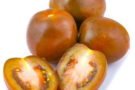 Помидоры Кумато 350г – спелые овощи, которые отлично подойдут для употребления в свежем виде. Плоды этого сорта имеют средний размер: их вес варьируется от 80 до 125г. В незрелом состоянии они имеют темно-зеленый окрас, а на стадии спелости становятся красно-коричневыми и даже фиолетовыми. Мякоть у этих томатов – плотная и сочная, вкус – сладкий, с приятной кислинкой, аромат – свежий, с нотками арбуза. Плоды богаты витаминами, микроэлементами, клетчаткой и ликопином. Они очень полезны для людей, имеющих проблемы с сердечно-сосудистой системой, а также всем, кто стремится подольше сохранить молодость и нормализовать обмен веществ. Помидоры «Кумато» не рекомендуют подвергать термической обработке, так как они потеряют свой уникальный вкус.
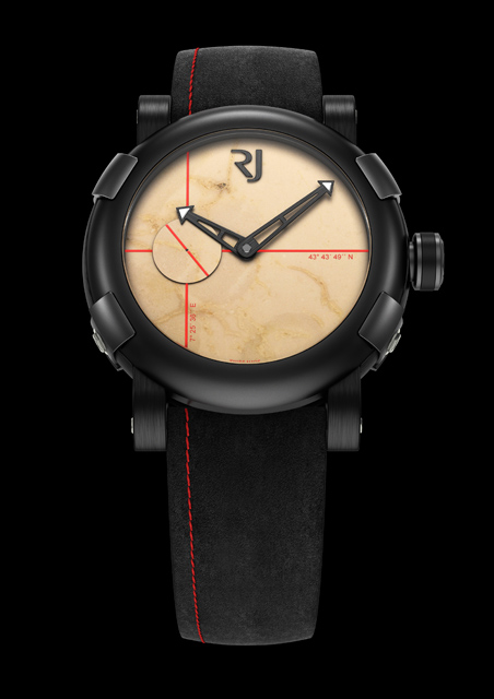 Đồng hồ lên dây tự động có vỏ bằng thép không gỉ và titanium được xử lý PVD, mặt đồng hồ được làm bằng đá Monaco với thiết kế đường màu đỏ có in kinh độ của Monaco.
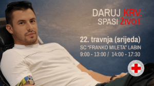 Crveni križ Labin obavještava o novom terminu nadolazeće akcije darivanja krvi u Labinu koja će se održati u srijedu, 22.4.2026., od 9,00 do 13,00 i
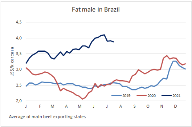 今年下半年巴西畜牧業(yè)機構(gòu)把焦點對準(zhǔn)畜牧業(yè)生產(chǎn)。根據(jù)Cepea研究人員的說法,與去年一樣,架子牛價格高和育肥成本高引起來養(yǎng)牛者的擔(dān)憂。Cepea的數(shù)據(jù)顯示,2021年生產(chǎn)者的利潤率確實比去年收緊,但扔保持正盈利。研究人員參考S?o Paulo州目前的待育肥牛和玉米價格以及10月份的牛期貨合約價格以計算今年的利潤率。
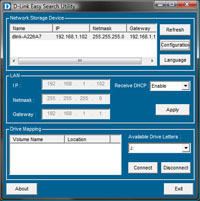 Using D-Link’s utility, I’m able to discover the DNS-323 on mynetwork. The utility also lists the available shares on the drive, andgives you the ability to map them to a driv
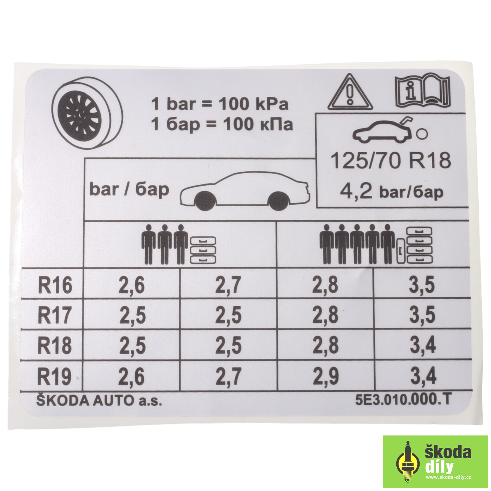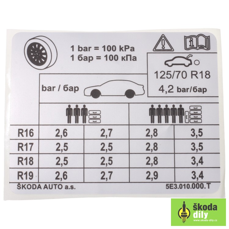 Tire Pressure Label Škoda | Skoda-Parts.com

——

Copy verbatim the span that begins at the line containing "Using D-Link’s utility, I’m" and ends at the last line of the material, inclusive of both; exclude pictures.

Solution:
 Using D-Link’s utility, I’m able to discover the DNS-323 on mynetwork. The utility also lists the available shares on the drive, andgives you the ability to map them to a driv
 Tire Pressure Label Škoda | Skoda-Parts.com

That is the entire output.